Provided entries -
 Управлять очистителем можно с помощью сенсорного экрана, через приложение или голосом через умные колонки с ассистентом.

--

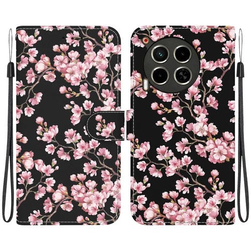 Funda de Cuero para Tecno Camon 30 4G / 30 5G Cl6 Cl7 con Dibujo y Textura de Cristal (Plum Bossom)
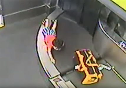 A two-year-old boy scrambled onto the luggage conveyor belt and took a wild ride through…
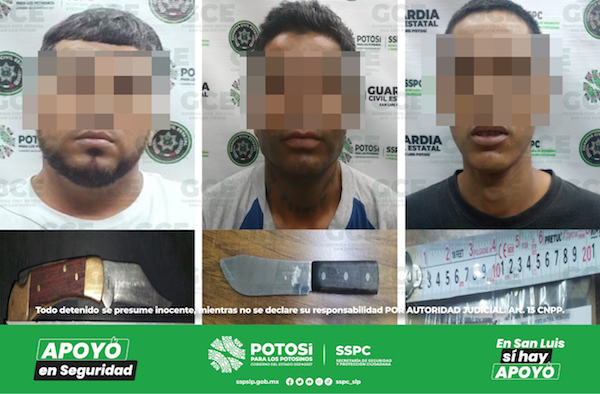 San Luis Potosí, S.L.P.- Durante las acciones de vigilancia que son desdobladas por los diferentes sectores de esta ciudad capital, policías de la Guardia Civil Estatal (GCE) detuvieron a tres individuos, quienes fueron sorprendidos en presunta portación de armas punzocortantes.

--

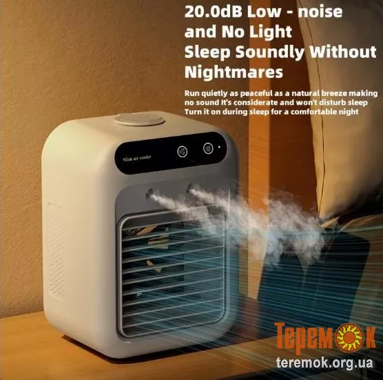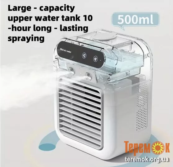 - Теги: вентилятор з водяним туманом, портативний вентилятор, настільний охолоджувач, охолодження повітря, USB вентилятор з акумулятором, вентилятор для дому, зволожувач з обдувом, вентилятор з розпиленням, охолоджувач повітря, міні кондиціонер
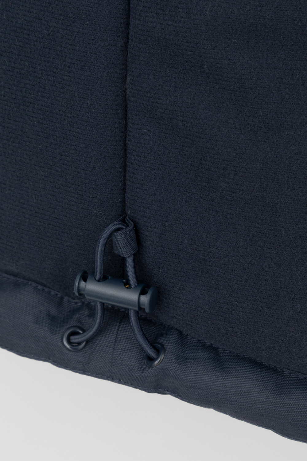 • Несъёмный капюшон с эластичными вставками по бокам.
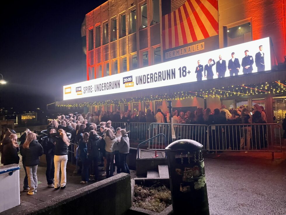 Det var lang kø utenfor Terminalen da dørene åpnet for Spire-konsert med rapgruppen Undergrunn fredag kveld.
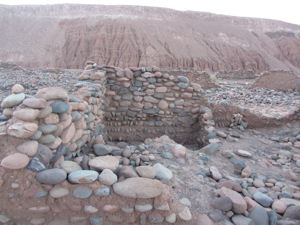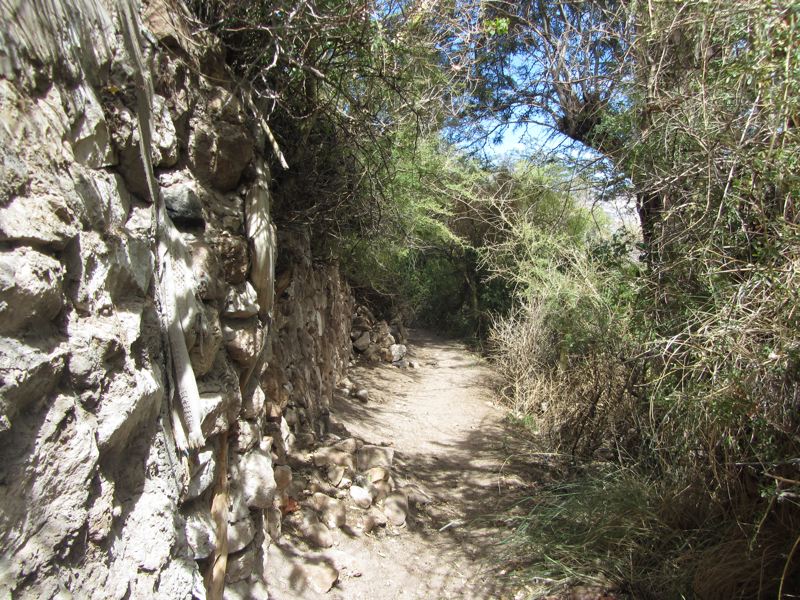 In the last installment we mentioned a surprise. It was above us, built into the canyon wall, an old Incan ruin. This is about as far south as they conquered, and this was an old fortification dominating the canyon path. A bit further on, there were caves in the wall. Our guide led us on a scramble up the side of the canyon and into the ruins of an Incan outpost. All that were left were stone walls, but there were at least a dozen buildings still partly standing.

Task objective - Those lines of the records above that run from the one containing "Funda de Cuero" through the one containing "San Luis Potosí, S.L.P.- Durante" should be returned exactly, with no pictures among them.

Result of the exercise -
 Funda de Cuero para Tecno Camon 30 4G / 30 5G Cl6 Cl7 con Dibujo y Textura de Cristal (Plum Bossom)
 A two-year-old boy scrambled onto the luggage conveyor belt and took a wild ride through…
 San Luis Potosí, S.L.P.- Durante las acciones de vigilancia que son desdobladas por los diferentes sectores de esta ciudad capital, policías de la Guardia Civil Estatal (GCE) detuvieron a tres individuos, quienes fueron sorprendidos en presunta portación de armas punzocortantes.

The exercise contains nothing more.